先日、似て非なるものについて書きましたがこれはどの分野においても発生しているものです。例えば、自然農でじゃがいもを収穫しましたが全体的に丸く小ぶりなものばかりです。スーパーで買えばどれも大きく長い形のものが多いですがそちらの方が昔からあるじゃがいもと思っているものです。世間で流通し、いつも見ているものが本物というように思いこみます。
またこの場合の農の在り方も異なります。同じ農業であっても、そもそも野菜は育つものと信じて手入れをしていく考え方と、そもそも野菜は育てるものと信じて手入れをするのではそのかかわり方が異なります。
現在の慣行農法で肥料農薬と機械を使って行う方法から見れば、手で草を刈って被せて余計なことをなるべくしないのをみると、あれは農業ではないと言われるものです。しかし本来の日本人古来から野菜の姿というのは変わっていないものです。その野菜の姿を変えてまで収穫量を変化させようとするのは、どちらが本来の農業であったかは野菜を観れば明白なのです。
これは教育でも保育でも同じことだと私は思います。
昨日、ある人と話をする中で子どもの発達を信じ関係性を見守る保育をプレゼンしたところある大学の教授から「こんなの保育ではない」と言われたそうです。何をもってその言葉を言ったのかの真意が分からないのですが、きっと先ほど書いた農業の定義、慣行農法と自然農の違いを認識することと同じようなことが起きたのではないかと感じました。
もちろんどちらがいいとか悪いとかを議論しようとしているのではなく、野菜の姿まで変えていいものか、子どもの姿まで変えていいものかということに疑問を感じているのです。
本来の姿が合って、その本来の姿のままに育ててあげることがそのものらしさでありそのものの仕合わせだとも言えます。無理やりに、こちらの都合で相手を変えてしまうことで相手は本来の姿や本来の生き方ができなくなるかもしれません。
自然界というものは、それぞれに活き活きと伸び伸びと自分らしさを発揮して天から与えられた役割を楽しく生き切っているとも言えます。そういう太古から今まで連綿と続いてきたいのちの連鎖や魂の邂逅、そういう仕合せを享受される場がこの地上の楽園であったはずです。
それを無理やりに姿かたちを換えさせ、本来のことができなくなるというやり方が御互いを尊重しているとは私には思えません。
詩経に「鳶飛魚躍」という言葉があります。これは「鳶(とび)は飛んで天に戻いたり、魚は淵に躍る」という言葉です。辞書には「万物が自然の本性に従って、自由に楽しんでいることのたとえ。また、そのような天の理の作用のこと。また、君主の恩徳が広く及び、人々がその能力などによって、それぞれ所を得ているたとえ。鳶とびが空に飛び魚が淵ふちにおどる意」とあります。
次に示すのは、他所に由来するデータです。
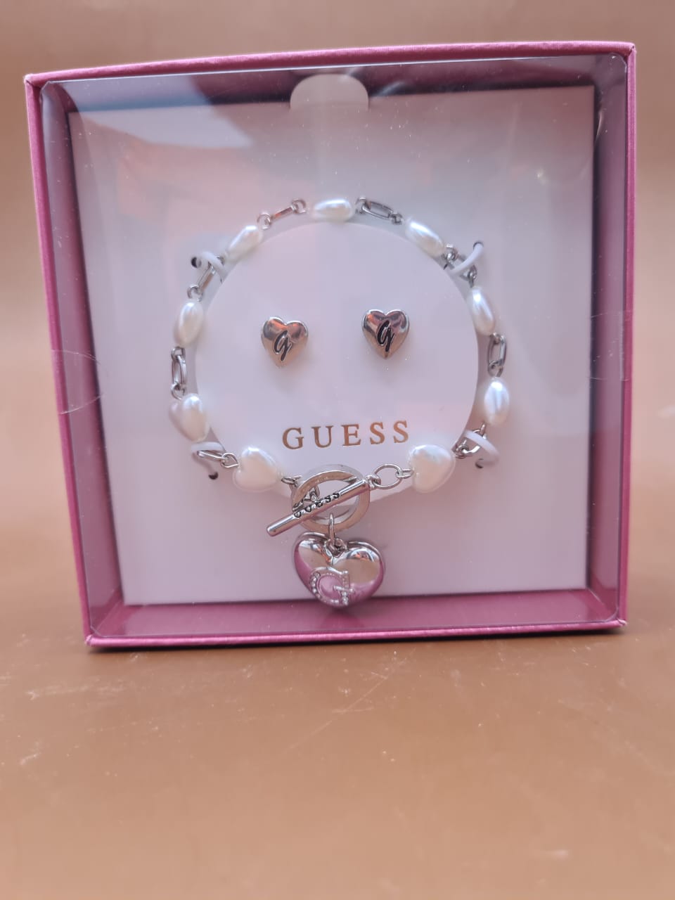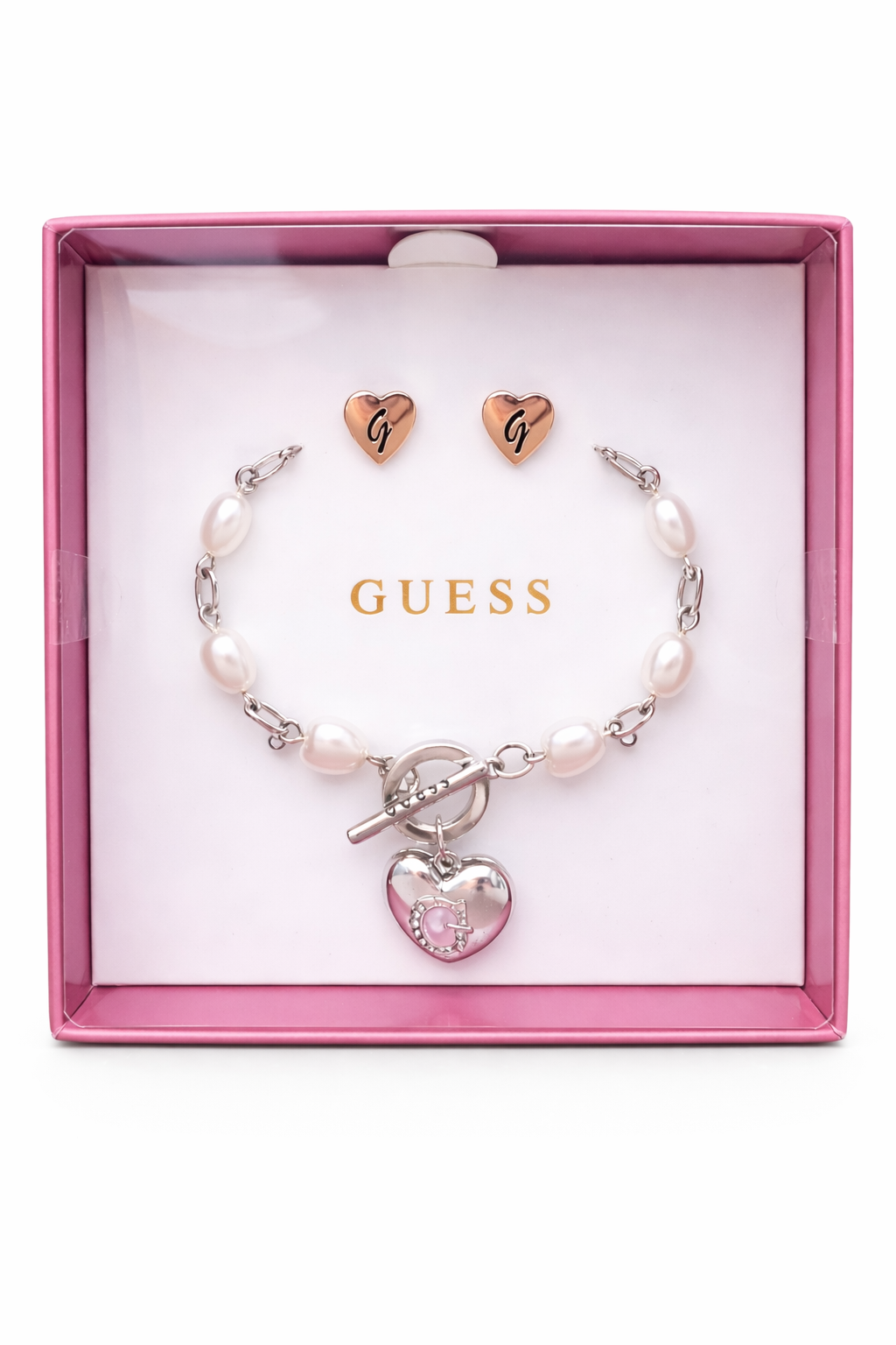 The bracelet features a beautiful combination of freshwater-style pearls and polished silver-tone heart links, finished with a stylish Guess heart charm clasp. Paired with matching Guess heart stud earrings, this set creates a coordinated, feminine look that effortlessly elevates any outfit.

本来のそのものの姿を守っていくことが、太古の昔から大切に絆を守りながら共生した仲間たちとの暮らし方です。今のように何でも人間の思い通りに変えてしまおうとするのはとても傲慢なことだと思います。知らず知らずのうちに刷り込まれていないか、他にもおかしなところはないかと学び直し見直す自戒の日々です。
自然の姿を守ろうとすることが自然に逆らわないことであり、自然と寄り添い生きる謙虚な姿勢でもあります。日々はまさに選択の連続、自分の布置がどうなっているのか、刷り込みを憎み人を憎まず刷り込みを取り払って精進していきたいと思います。